[Exercise material — start]

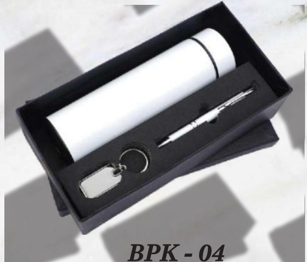
BPK - 04 Rs.735/-
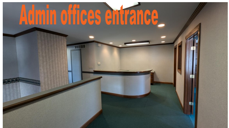
Admin offices entrance

The 1905 W. North St building's 7,500 sq.ft. is divided between 3 levels (all with separate entrances): the main level is made up of the main entrance and exam rooms, the upper level is comprised of the administrative/executive offices and the lower level being set up for group training with full audio visual capabilities and group seating for up to 30+ people.
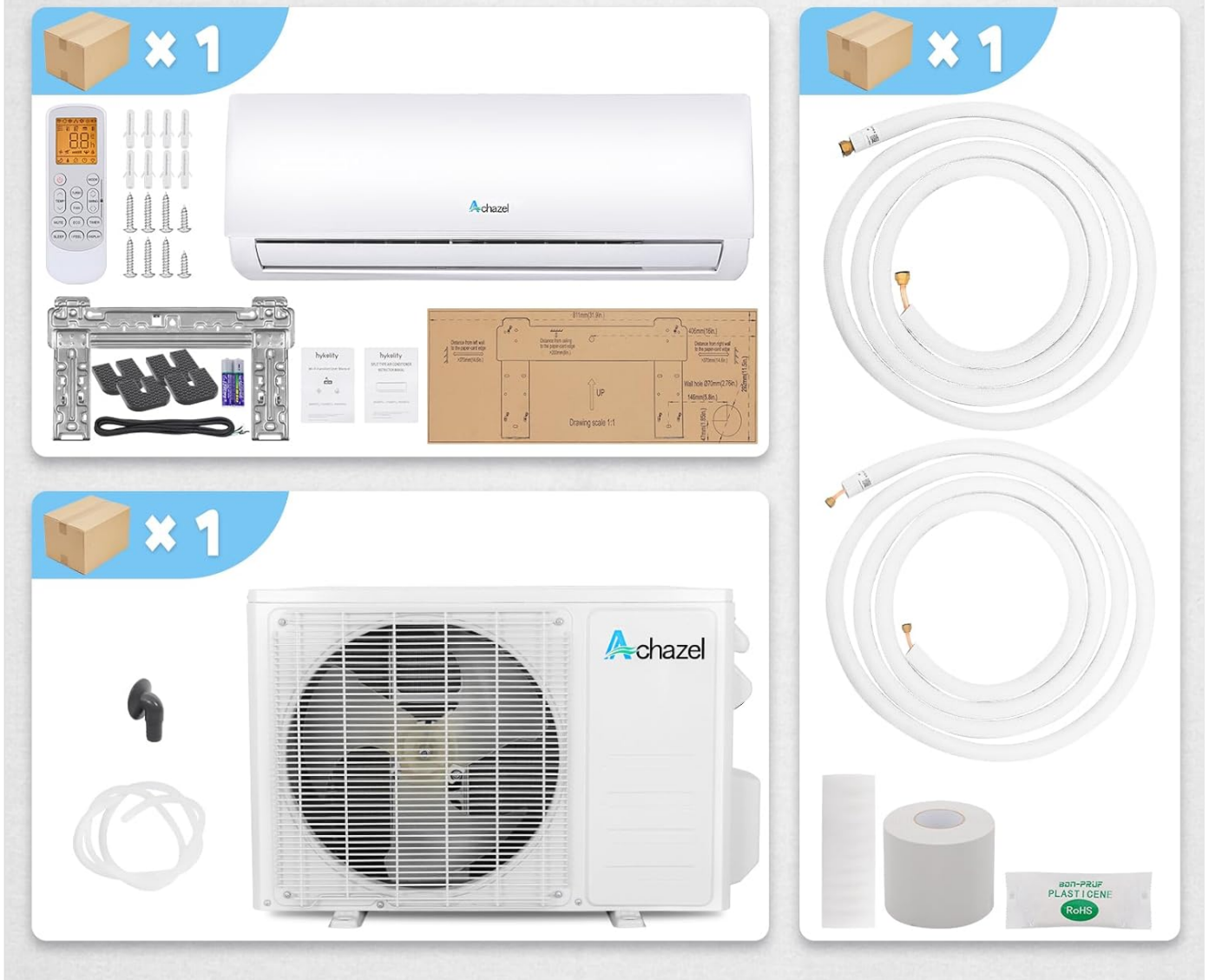
Figure 3.1: Package Contents Overview. The package includes the indoor fan coil section, outdoor condenser section, wireless remote controller with holder, 16 ft. L line set, installation accessories, and vibration absorber feet for the condensing unit. Note: The item comes in 3 separate boxes, so delivery times may vary.

Note: The item comes in 3 separate boxes, so delivery times may vary.
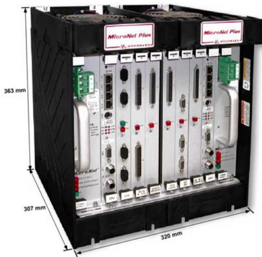
MicroNet Plus Control Chassis (8 VME slot option)

Power supplies may be simplex or redundant in any combination of input voltages.
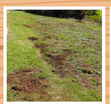
Lawn damaged by rabbits.

Rabbits are restricted invasive animals and one of Australia's worst agricultural and environmental pests. Affected landholders must take all reasonable steps to control rabbits.
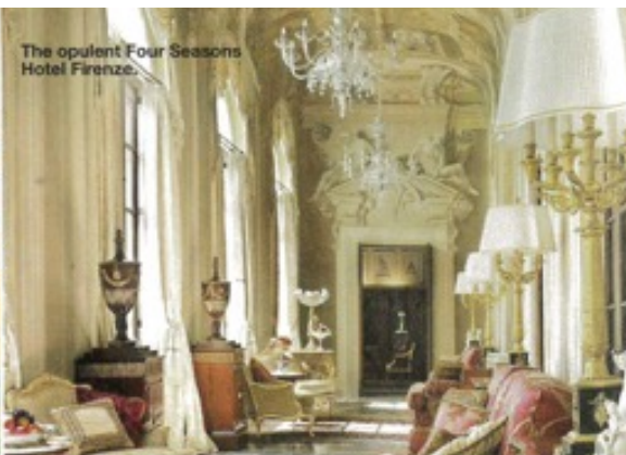
The opulent Four Seasons Hotel Firenze.
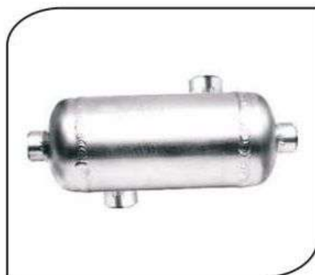
CVMC-094 Flow Control Valve
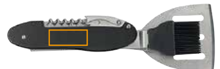
3 + 6. FRONT SIDE
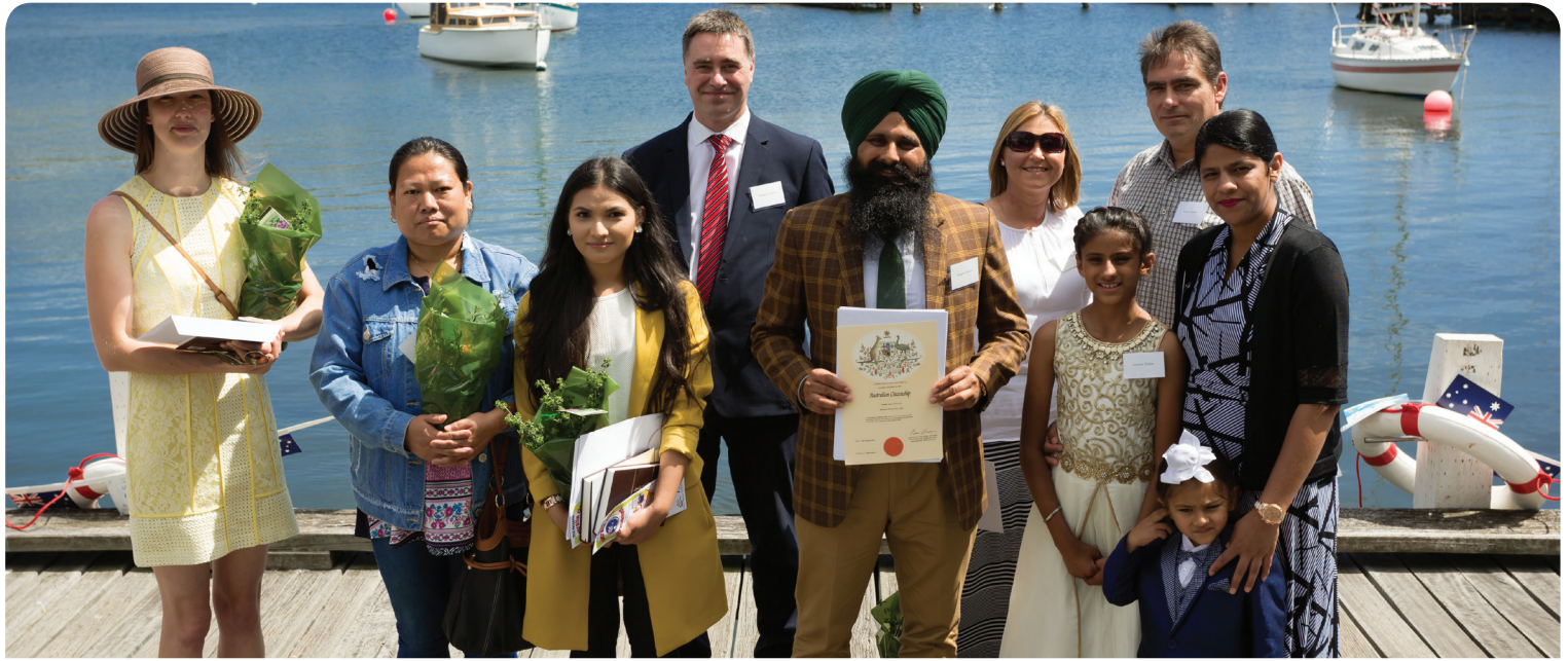
Clarence welcomed its newest citizens at a ceremony on Australia Day.
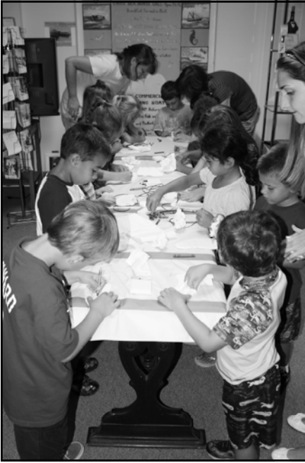
Wednesdays for Kids
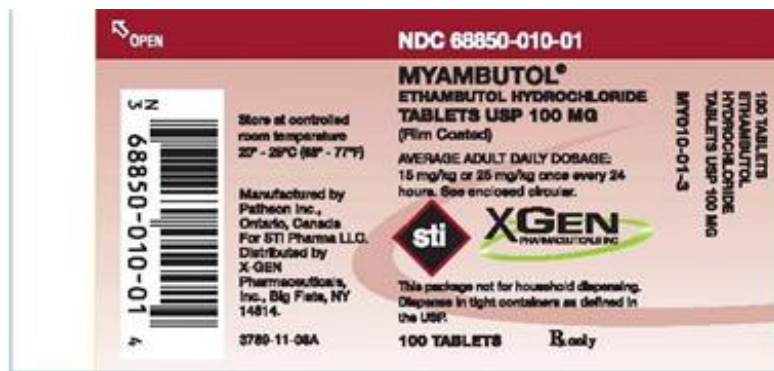
100 mg bottle label
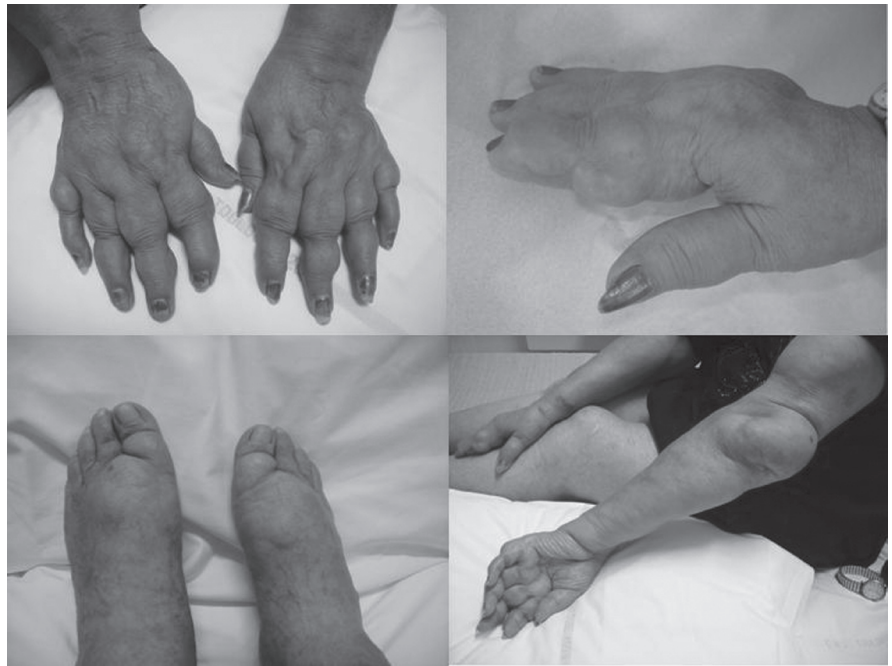
Fig. 1. Clinical aspect of hands, feet and elbows.
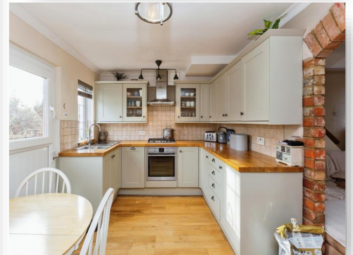
Dunton Road, Stewkley, Leighton Buzzard, LU7 0HY
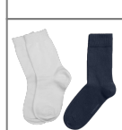
Navy or white ankle socks

Plain trainers, white or black (velcro fastening)
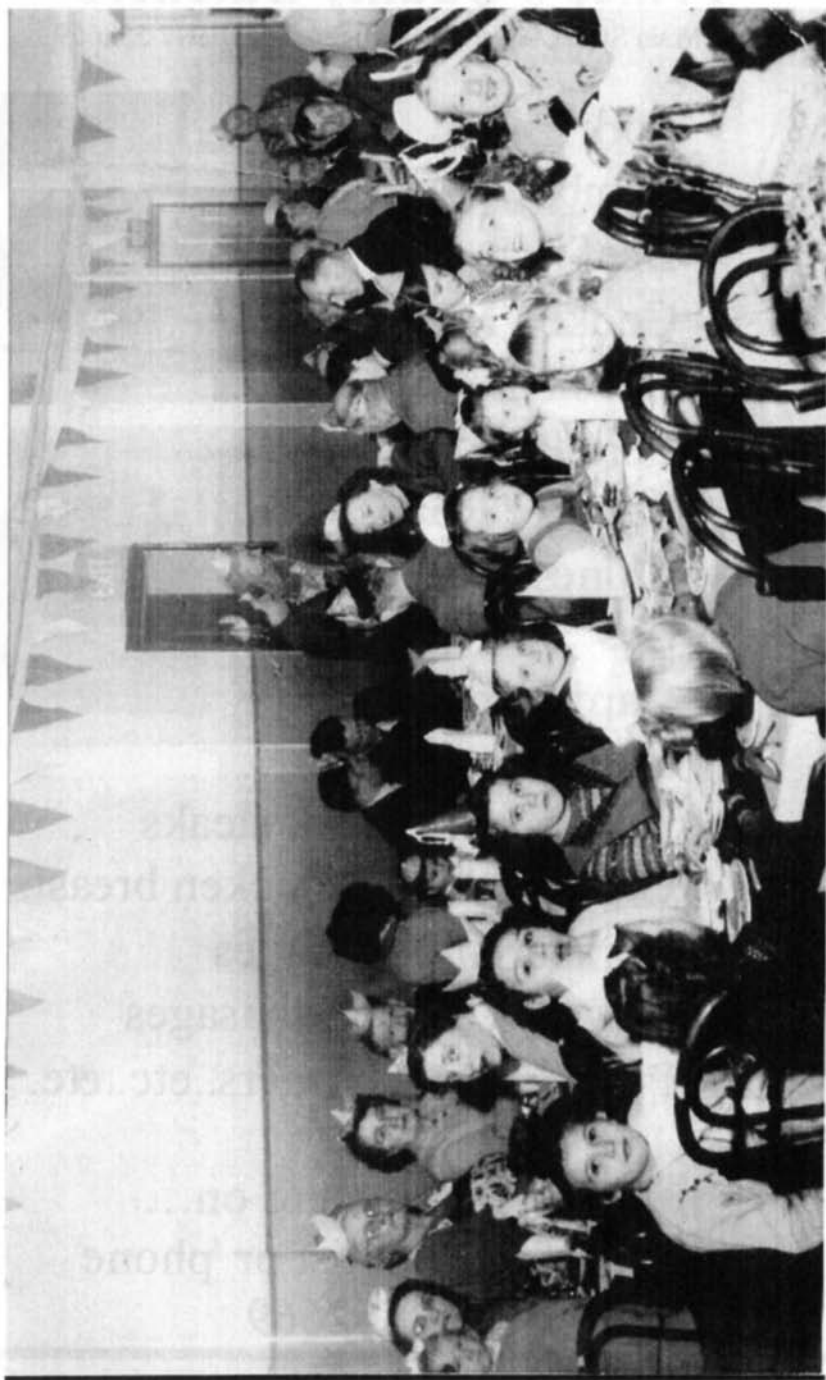
Coronation Party at the Welfare Hall
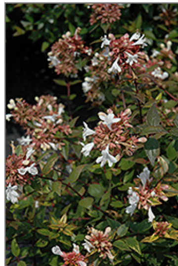
Little Richard Glossy Abelia flowers

Little Richard Glossy Abelia is recommended for the following landscape applications;
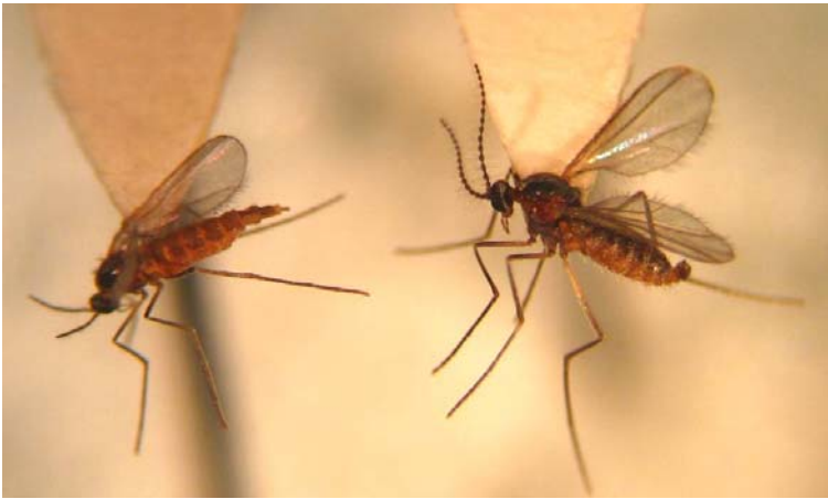
Preserved adult Kaltenbachiola rachiphaga (female left, male right) (J. Corrigan)

Adults emerge from pupal cocoons in old, overwintered spruce cones during the host pollination period in late spring, usually around May or June.
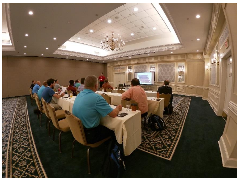
Intro to DICOM/PACS
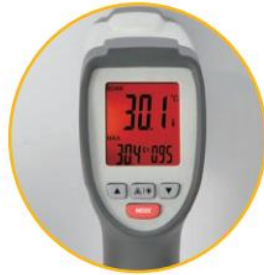
Red backlight alerts
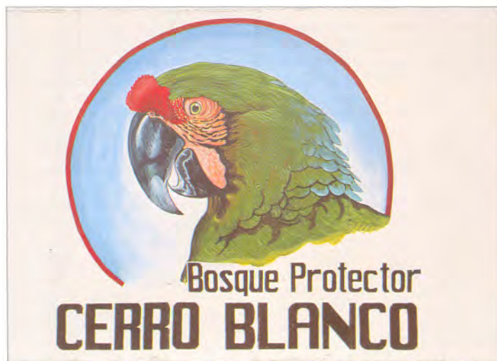
Sign at main entrance BPCB, Guayaquil, Ecuador.

Based on the above information it is recommended that funds and other resources are first directed to ecological studies and conservation management actions for guayaquilensis in south-west Ecuador, specifically starting with the Bosque Protector Cerro Blanco
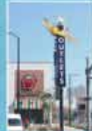
AC OUTLETS, THE WALK
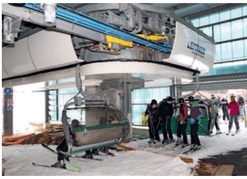
Ninety degree loading in the bottom station
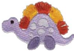
CM315_48 Loopy Dinosaur 2.45 X 1.56 in. 62.23 X 39.62 mm 4,259 St. ❁
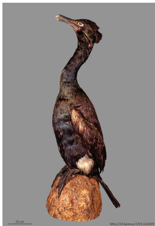
Figure 1. Spectacled Cormorant Urile perspicillatus mount at the Finnish Museum of Natural History, Helsinki (MZH UK 3639) (© P. Malinen; full record at http://id.luomus.fi/GZ.18079 ).

According to Palmgren (1935) the skin held in Helsinki (MZH UL 3639; Fig. 1) was either acquired directly by naturalist Reinhold Ferdinand Sahlberg (1779–1860) during a trip to Sitka between 13 May 1840 and 15 May 1841 (Palmgren 1935) or via the Zoological Institute of the Russian Academy of Sciences (Neufeldt 1978). Sahlberg reportedly had good relations with
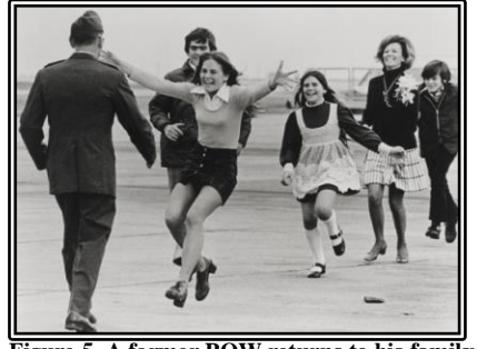
Figure 5. A former POW returns to his family on the Travis AFB flightline in February 1973 as part of Operation HOMECOMING.

Military Air Command's prime representative in this operation, the 60th flew 36 C-5 and C-141 missions and delivered over 22,000 tons of supplies and equipment.

[Exercise material — finish]

Instructions for the task>
Print the records above verbatim, pictures excluded.

Written response>
BPK - 04 Rs.735/-
Admin offices entrance

The 1905 W. North St building's 7,500 sq.ft. is divided between 3 levels (all with separate entrances): the main level is made up of the main entrance and exam rooms, the upper level is comprised of the administrative/executive offices and the lower level being set up for group training with full audio visual capabilities and group seating for up to 30+ people.
Figure 3.1: Package Contents Overview. The package includes the indoor fan coil section, outdoor condenser section, wireless remote controller with holder, 16 ft. L line set, installation accessories, and vibration absorber feet for the condensing unit. Note: The item comes in 3 separate boxes, so delivery times may vary.

Note: The item comes in 3 separate boxes, so delivery times may vary.
MicroNet Plus Control Chassis (8 VME slot option)

Power supplies may be simplex or redundant in any combination of input voltages.
Lawn damaged by rabbits.

Rabbits are restricted invasive animals and one of Australia's worst agricultural and environmental pests. Affected landholders must take all reasonable steps to control rabbits.
The opulent Four Seasons Hotel Firenze.
CVMC-094 Flow Control Valve
3 + 6. FRONT SIDE
Clarence welcomed its newest citizens at a ceremony on Australia Day.
Wednesdays for Kids
100 mg bottle label
Fig. 1. Clinical aspect of hands, feet and elbows.
Dunton Road, Stewkley, Leighton Buzzard, LU7 0HY
Navy or white ankle socks

Plain trainers, white or black (velcro fastening)
Coronation Party at the Welfare Hall
Little Richard Glossy Abelia flowers

Little Richard Glossy Abelia is recommended for the following landscape applications;
Preserved adult Kaltenbachiola rachiphaga (female left, male right) (J. Corrigan)

Adults emerge from pupal cocoons in old, overwintered spruce cones during the host pollination period in late spring, usually around May or June.
Intro to DICOM/PACS
Red backlight alerts
Sign at main entrance BPCB, Guayaquil, Ecuador.

Based on the above information it is recommended that funds and other resources are first directed to ecological studies and conservation management actions for guayaquilensis in south-west Ecuador, specifically starting with the Bosque Protector Cerro Blanco
AC OUTLETS, THE WALK
Ninety degree loading in the bottom station
CM315_48 Loopy Dinosaur 2.45 X 1.56 in. 62.23 X 39.62 mm 4,259 St. ❁
Figure 1. Spectacled Cormorant Urile perspicillatus mount at the Finnish Museum of Natural History, Helsinki (MZH UK 3639) (© P. Malinen; full record at http://id.luomus.fi/GZ.18079 ).

According to Palmgren (1935) the skin held in Helsinki (MZH UL 3639; Fig. 1) was either acquired directly by naturalist Reinhold Ferdinand Sahlberg (1779–1860) during a trip to Sitka between 13 May 1840 and 15 May 1841 (Palmgren 1935) or via the Zoological Institute of the Russian Academy of Sciences (Neufeldt 1978). Sahlberg reportedly had good relations with
Figure 5. A former POW returns to his family on the Travis AFB flightline in February 1973 as part of Operation HOMECOMING.

Military Air Command's prime representative in this operation, the 60th flew 36 C-5 and C-141 missions and delivered over 22,000 tons of supplies and equipment.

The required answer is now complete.